◆ Data for review ◆
◇ ◇ ◇ ◇ ◇ ◇ ◇
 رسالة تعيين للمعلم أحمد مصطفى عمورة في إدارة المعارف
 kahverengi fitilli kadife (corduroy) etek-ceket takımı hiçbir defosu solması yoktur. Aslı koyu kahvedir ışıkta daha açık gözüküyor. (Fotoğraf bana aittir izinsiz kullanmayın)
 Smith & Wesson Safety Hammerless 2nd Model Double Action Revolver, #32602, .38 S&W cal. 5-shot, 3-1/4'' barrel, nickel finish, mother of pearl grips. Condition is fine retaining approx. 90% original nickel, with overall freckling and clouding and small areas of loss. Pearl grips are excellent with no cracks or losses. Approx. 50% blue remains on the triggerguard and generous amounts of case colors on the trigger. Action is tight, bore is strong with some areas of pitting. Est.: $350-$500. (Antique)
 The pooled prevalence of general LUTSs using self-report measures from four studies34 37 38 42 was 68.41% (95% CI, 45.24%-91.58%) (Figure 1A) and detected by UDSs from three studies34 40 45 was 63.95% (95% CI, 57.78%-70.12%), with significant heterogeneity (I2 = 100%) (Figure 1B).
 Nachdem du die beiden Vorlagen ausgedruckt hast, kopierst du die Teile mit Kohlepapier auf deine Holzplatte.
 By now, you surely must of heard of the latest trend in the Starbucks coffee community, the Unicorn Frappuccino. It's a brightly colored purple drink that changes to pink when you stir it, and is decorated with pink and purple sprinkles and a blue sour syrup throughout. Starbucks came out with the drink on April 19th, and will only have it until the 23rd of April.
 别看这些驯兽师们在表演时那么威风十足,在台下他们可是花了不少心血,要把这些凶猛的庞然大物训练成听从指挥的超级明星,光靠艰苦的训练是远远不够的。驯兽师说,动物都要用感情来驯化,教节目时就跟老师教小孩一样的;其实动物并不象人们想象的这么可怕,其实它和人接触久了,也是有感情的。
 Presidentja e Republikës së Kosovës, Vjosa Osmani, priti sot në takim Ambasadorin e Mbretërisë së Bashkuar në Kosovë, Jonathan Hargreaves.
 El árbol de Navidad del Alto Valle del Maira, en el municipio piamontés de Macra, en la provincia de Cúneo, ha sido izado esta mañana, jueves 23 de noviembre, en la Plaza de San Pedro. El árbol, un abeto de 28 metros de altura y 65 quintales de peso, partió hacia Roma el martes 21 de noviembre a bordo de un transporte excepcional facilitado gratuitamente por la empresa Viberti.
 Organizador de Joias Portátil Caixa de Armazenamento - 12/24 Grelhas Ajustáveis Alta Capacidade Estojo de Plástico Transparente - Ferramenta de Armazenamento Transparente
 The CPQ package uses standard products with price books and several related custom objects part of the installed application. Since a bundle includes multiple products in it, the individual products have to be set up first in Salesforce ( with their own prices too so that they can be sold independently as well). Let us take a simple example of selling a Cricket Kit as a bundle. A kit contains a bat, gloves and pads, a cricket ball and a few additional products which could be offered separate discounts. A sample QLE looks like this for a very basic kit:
◇ ◇ ◇ ◇ ◇ ◇ ◇
Your task for the entries above: copy exactly the span starting with the line with "The pooled prevalence" and going on through the line with "Organizador de Joias", both lines included, and nothing else.

◆ Answer area ◆
 The pooled prevalence of general LUTSs using self-report measures from four studies34 37 38 42 was 68.41% (95% CI, 45.24%-91.58%) (Figure 1A) and detected by UDSs from three studies34 40 45 was 63.95% (95% CI, 57.78%-70.12%), with significant heterogeneity (I2 = 100%) (Figure 1B).
 Nachdem du die beiden Vorlagen ausgedruckt hast, kopierst du die Teile mit Kohlepapier auf deine Holzplatte.
 By now, you surely must of heard of the latest trend in the Starbucks coffee community, the Unicorn Frappuccino. It's a brightly colored purple drink that changes to pink when you stir it, and is decorated with pink and purple sprinkles and a blue sour syrup throughout. Starbucks came out with the drink on April 19th, and will only have it until the 23rd of April.
 别看这些驯兽师们在表演时那么威风十足,在台下他们可是花了不少心血,要把这些凶猛的庞然大物训练成听从指挥的超级明星,光靠艰苦的训练是远远不够的。驯兽师说,动物都要用感情来驯化,教节目时就跟老师教小孩一样的;其实动物并不象人们想象的这么可怕,其实它和人接触久了,也是有感情的。
 Presidentja e Republikës së Kosovës, Vjosa Osmani, priti sot në takim Ambasadorin e Mbretërisë së Bashkuar në Kosovë, Jonathan Hargreaves.
 El árbol de Navidad del Alto Valle del Maira, en el municipio piamontés de Macra, en la provincia de Cúneo, ha sido izado esta mañana, jueves 23 de noviembre, en la Plaza de San Pedro. El árbol, un abeto de 28 metros de altura y 65 quintales de peso, partió hacia Roma el martes 21 de noviembre a bordo de un transporte excepcional facilitado gratuitamente por la empresa Viberti.
 Organizador de Joias Portátil Caixa de Armazenamento - 12/24 Grelhas Ajustáveis Alta Capacidade Estojo de Plástico Transparente - Ferramenta de Armazenamento Transparente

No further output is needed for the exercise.